Das Leben wird nicht einfacher, wenn man in einer allseits gefeierten Band spielt. Hat man erst mal ein Meisterwerk im Kasten, richtet die gesamte Popwelt den Blick argwöhnisch auf alles, was folgt. Man wird an sich selbst gemessen, und eigentlich kann man nur scheitern. Vielleicht liegt es daran, dass Animal Collective nach dem großen „Merriweather Post Pavilion“ deutlich Tempo aus ihrem Produktionsprozess genommen haben. Die großen Indie-Weird-Whatever-Psychedelic-Folk-Pop-Pioniere feuerten in den 00er Jahren eine Platte nach der anderen raus, doch nach dem großen Erfolg betätigten sich die Mitglieder vermehrt fluchtartig außerhalb des Mutterschiffs.
So vergingen nun zwischen „Painting With“ und dem kratzbürstigen „Centipede Hz“ beinahe vier Jahre, in denen sich Avey Tare und Panda Bear ihren Solokarrieren widmeten, Geologist Zeit mit seiner Familie verbrachte und Deakin sich gleich ins unbestimmte Aus verabschiedete. Die Vorzeichen für das zehnte Animal Collective Album standen also durchaus ungünstig, und man hätte es ihnen nicht wirklich verübelt, hätten sie wie zuletzt mies gelaunt auf ihrem LSD Streifen herumgekaut.
Stattdessen mietete sich das Trio in den Eastwest-Studios in Hollywood ein, inhalierte dort noch mehr Beach Boys, als ohnehin schon in ihnen steckt und prusteten die gesammelte gute Laune in ein quietschbuntes, knackiges Album. Schon die erste Single „FloriDada“ sprang dem Zuhörer im vergangenen Jahr so fröhlich ins Gesicht, dass man gerne das Scheißwetter vergessen und eine Runde im lokalen Tümpel drehen wollte. Animal Collective klingen damit vielleicht mehr denn je wie die Druffie-Cousins der braven Vampire Weekend, mit denen man bei Familienfeiern gerne mal am Strand abhängt, sich in Substanzen suhlt und Lieder aus Wolken schneidert.
Ziel dabei ist es ganz klar nicht, sich selbst zu toppen. „Painting With“ lenkt mit einem Kunststück von der Unmöglichkeit ab, wieder die spannendste Band der Welt zu werden: Das Album vollführt gekonnt den Spagat zwischen enormer Eingängigkeit und so vielen Ideen, Einflüssen und Ausfällen, dass der Zuhörer schneller zu platzen droht, als er mitdenken kann. Selten klang Überforderung so süß wie hier, woran auch die Gäste ihren bescheidenen Anteil haben. Im ohnehin schon dröhnenden „Hocus Pocus“ lärmt John Cale irgendwo im Hintergrund rum, während Colin Stetson sein Saxophon unter anderem durch das blubbernde „Lying On The Grass“ irrlichtern lässt.
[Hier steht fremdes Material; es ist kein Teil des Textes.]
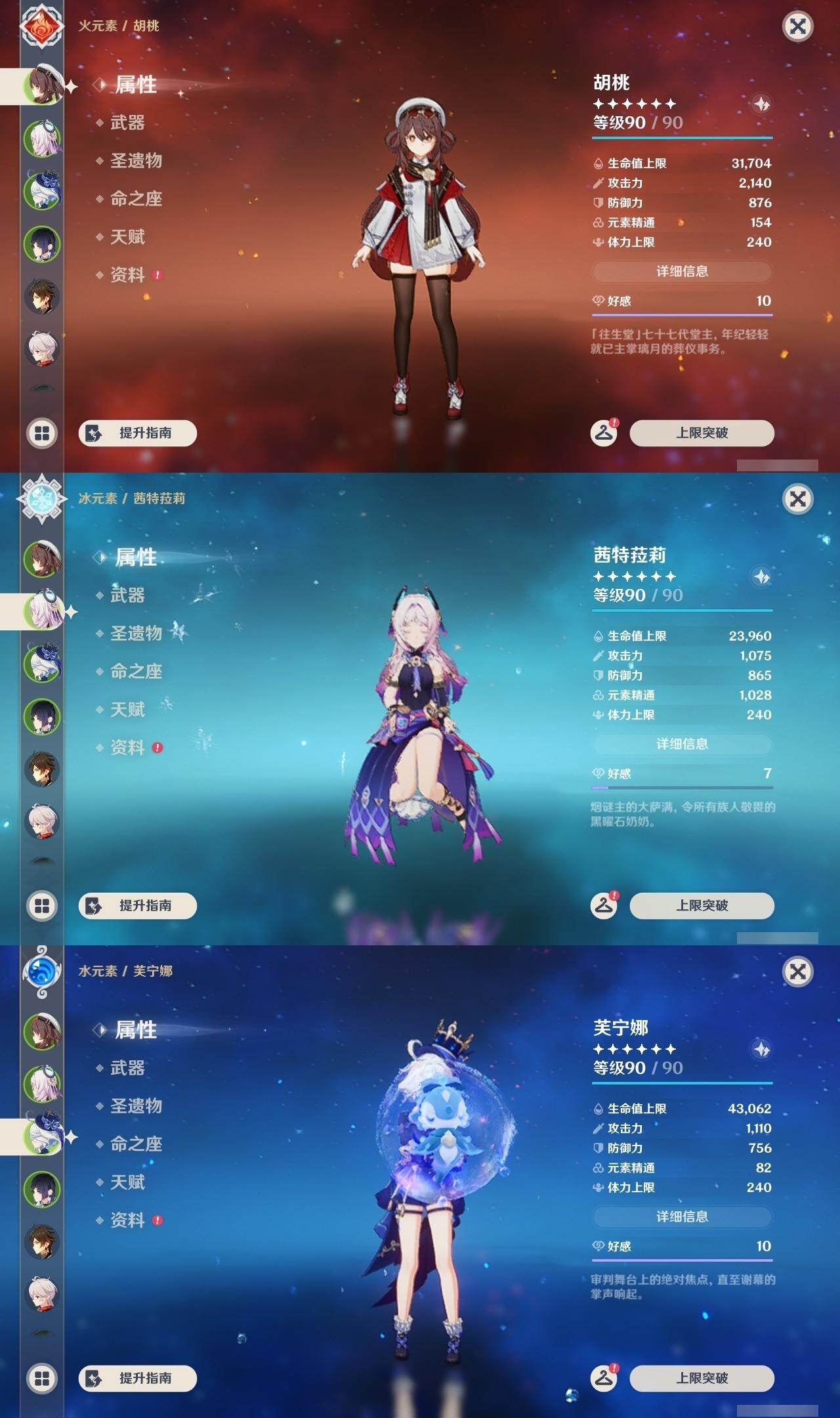 胡桃,钟离,枫原万叶,魈,甘雨,神里凌华,八重神子,雷电将军,达达利亚,申鹤,珊瑚宫心海,宵宫,迪卢克,刻晴,琴,七七,莫娜

Doch selbst in diesen wirren Kompositionen dringt immer wieder der Harmoniegesang der Band an die Oberfläche und lockt den Hörer sirenenartig in das bedrohliche Unterholz. Entsprechend dazu führen Animal Collective den Rezipienten aufs Glatteis, wenn sie von den Ramones und primitiv(istisch)er Kunst als Leitbilder für „Painting With“ sprechen. Die hier gespielte Musik ist, trotz ihrer Dichte, immer noch komplex und hat mit gradlinigem Punk höchstens assoziativ zu tun. Eine neue Dimension erkunden Animal Collective hier also nicht, aber die aktuelle Platte ist dabei so unterhaltsam und vital ausgefallen, dass man ihre Väter gerne im Kreis der arrivierten Bands willkommen heißen möchte.
8/10
„Painting With“ erscheint am 19.02. via Domino auf Platte, CD und digital.